Projects
Education Case Studies
Princeton University
Whitman College
Princeton, New Jersey
Torcon provided comprehensive preconstruction and construction phase CM services for Whitman College at Princeton University. The multi-building complex is a residential college that houses students from all four undergraduate classes and some graduate students.
Demetri Porphyrios, principal of London-based Porphyrios Associates, was the design architect for Whitman College. The firm of Einhorn Yaffee Prescott Architects served as executive architect for the project.
The 280,000 square foot Whitman College comprises 10 linked buildings that include seven dormitory buildings with housing for approximately 500 students. A 100-ft.-high tower building features administrative offices, classrooms and seminar rooms. Whitman College also provides meeting and common rooms and a library, as well as a drama theater with seating for 65, and a dance practice room with a fully-sprung floor.
Community Hall, a limestone-clad building, houses a dining room with 35-foot ceilings emphasized by 8-ft.-high oak panels. Circular windows, a vaulted, wood-beamed ceiling, bluestone floors and an ornate fireplace are featured in the main room and flanking cafe space and provide seating for 220 people. Two additional dining rooms provide space for groups of up to 24 people each, including one octagonal room lit by a central chandelier.

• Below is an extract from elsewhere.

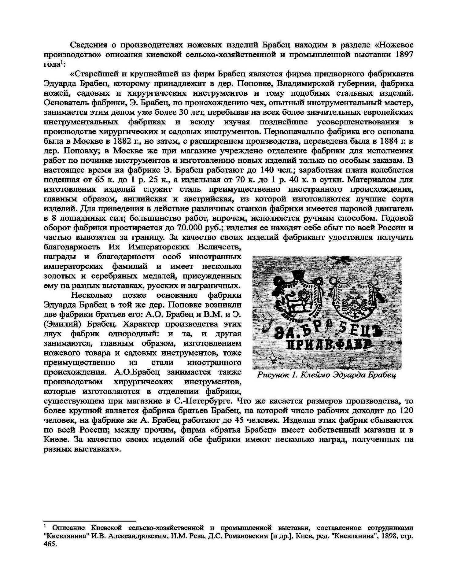 стальных изделий братья Брабец В дер. Поповке Владимирской губ. Муромского уезда. _________________________________________________ Главные заслуги процветания фабрики принадлежат основателю фабрики Матвею Оисповичу Брабецу и управ. фабр. Муромскому *******ну Е.Е. П*********. Производство: ножи, вилки, щипцы, кухонные приборы и проч. Годовой оборот до 40.000 руб. На выставках фирма получила много почётных наград. На Всероссийской Выставке в Нижнем-Новгороде 1896 года фирма награждена бронзовой медалью. Все говорят, что мы в месте…

Whitman College's exterior facade, features 5,200 tons of hand-set fieldstone, and was installed by a team of 77 stone masons and 30 laborers to meet the project's requirements for color, shape and pattern. Each of the 175,000 stones was chiseled and custom fit on the scaffold. The project’s exterior walls are 18- to 20-inches thick and use modern, cavity-wall, load-bearing masonry construction methods. The exterior also features Indiana limestone for window surrounds and arched openings, two building facades and the cloister. Whitman College also uses slate roofs on each of the buildings and more than 1,500 custom-fabricated mahogany casement windows.
The project's landscaping plan included 24-ft. of fill in the north courtyard. The plan features 219 trees, with several 50-year old, 55-ft. tall Cedars of Lebanon. Torcon was construction manager for the project, which began design in 2002, followed by a construction phase that began in July 2004 and was completed in summer of 2007.